== Material for this exercise ==
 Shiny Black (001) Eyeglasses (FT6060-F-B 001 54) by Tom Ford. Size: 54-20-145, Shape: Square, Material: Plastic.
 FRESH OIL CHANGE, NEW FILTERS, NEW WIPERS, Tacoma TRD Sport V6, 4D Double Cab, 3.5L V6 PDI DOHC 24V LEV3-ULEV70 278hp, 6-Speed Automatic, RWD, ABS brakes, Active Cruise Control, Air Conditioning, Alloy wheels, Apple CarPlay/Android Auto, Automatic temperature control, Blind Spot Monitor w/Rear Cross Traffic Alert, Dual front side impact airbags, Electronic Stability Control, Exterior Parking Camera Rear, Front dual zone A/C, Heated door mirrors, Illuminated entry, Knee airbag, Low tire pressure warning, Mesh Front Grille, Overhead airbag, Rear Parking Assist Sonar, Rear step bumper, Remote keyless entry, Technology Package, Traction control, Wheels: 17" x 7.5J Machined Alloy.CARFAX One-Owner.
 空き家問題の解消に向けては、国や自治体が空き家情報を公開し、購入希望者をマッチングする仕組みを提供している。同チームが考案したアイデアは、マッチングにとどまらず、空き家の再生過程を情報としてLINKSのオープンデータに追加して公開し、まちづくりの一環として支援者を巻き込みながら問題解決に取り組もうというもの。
===
== Material for this exercise ==
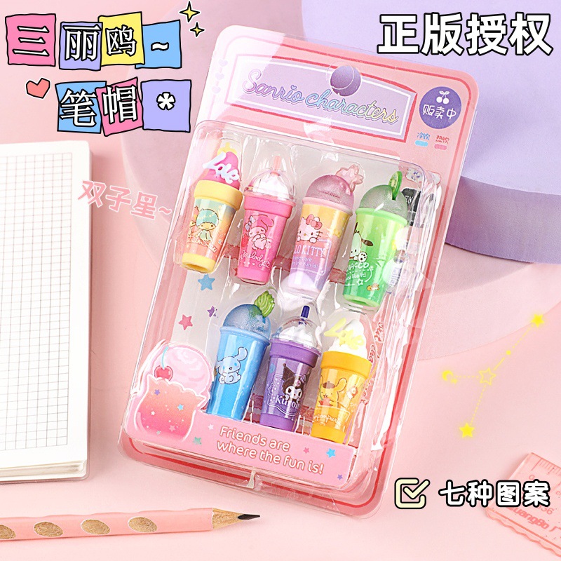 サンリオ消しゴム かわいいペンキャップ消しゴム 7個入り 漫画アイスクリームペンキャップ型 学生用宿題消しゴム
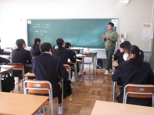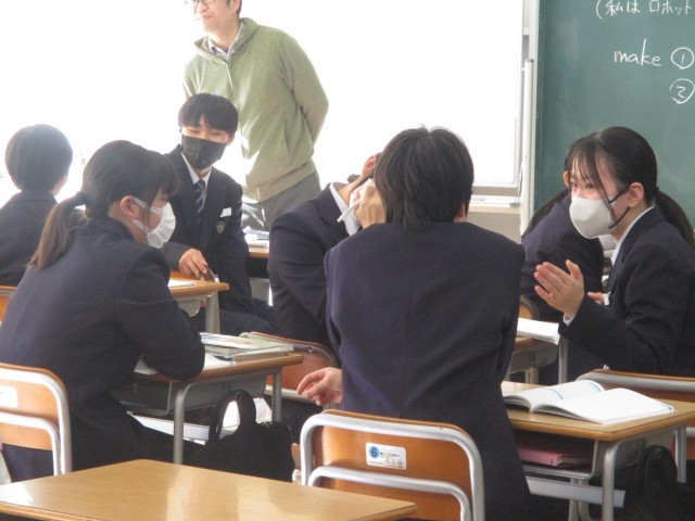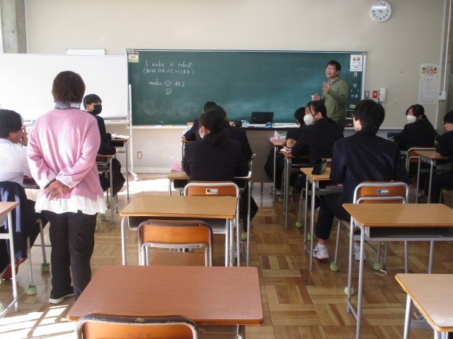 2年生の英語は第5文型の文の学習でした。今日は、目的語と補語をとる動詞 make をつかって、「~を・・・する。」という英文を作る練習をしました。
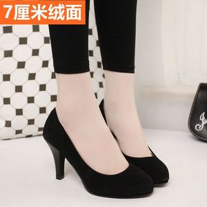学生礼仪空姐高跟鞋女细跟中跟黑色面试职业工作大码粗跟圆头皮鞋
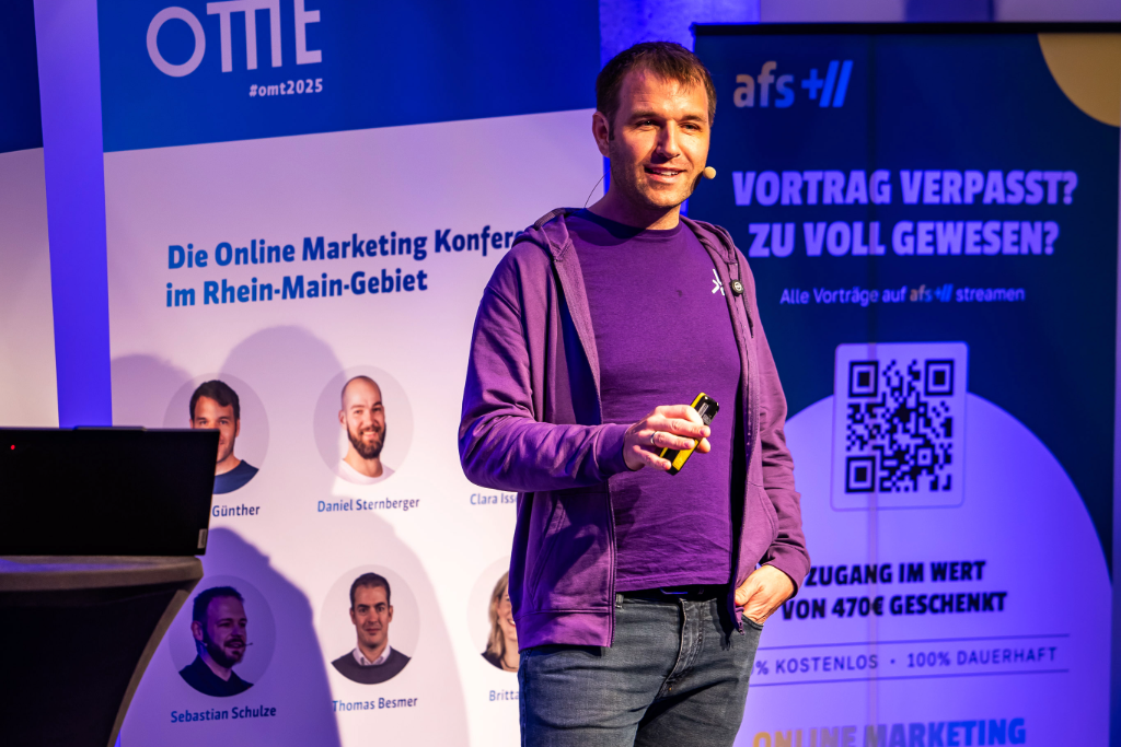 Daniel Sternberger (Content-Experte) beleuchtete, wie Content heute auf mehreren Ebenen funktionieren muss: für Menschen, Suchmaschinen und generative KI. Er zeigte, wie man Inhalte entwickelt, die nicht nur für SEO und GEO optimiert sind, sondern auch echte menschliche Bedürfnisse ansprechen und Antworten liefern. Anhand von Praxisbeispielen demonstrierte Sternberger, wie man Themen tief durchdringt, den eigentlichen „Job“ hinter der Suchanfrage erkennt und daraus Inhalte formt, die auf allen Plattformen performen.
===
Go to the line above that contains "学生礼仪空姐高跟鞋女细跟中跟黑色面试职业工作大码粗跟圆头皮鞋" and reproduce everything exactly from there through the line that contains "Daniel Sternberger (Content-Experte)", leaving out the pictures.

学生礼仪空姐高跟鞋女细跟中跟黑色面试职业工作大码粗跟圆头皮鞋
 Daniel Sternberger (Content-Experte) beleuchtete, wie Content heute auf mehreren Ebenen funktionieren muss: für Menschen, Suchmaschinen und generative KI. Er zeigte, wie man Inhalte entwickelt, die nicht nur für SEO und GEO optimiert sind, sondern auch echte menschliche Bedürfnisse ansprechen und Antworten liefern. Anhand von Praxisbeispielen demonstrierte Sternberger, wie man Themen tief durchdringt, den eigentlichen „Job“ hinter der Suchanfrage erkennt und daraus Inhalte formt, die auf allen Plattformen performen.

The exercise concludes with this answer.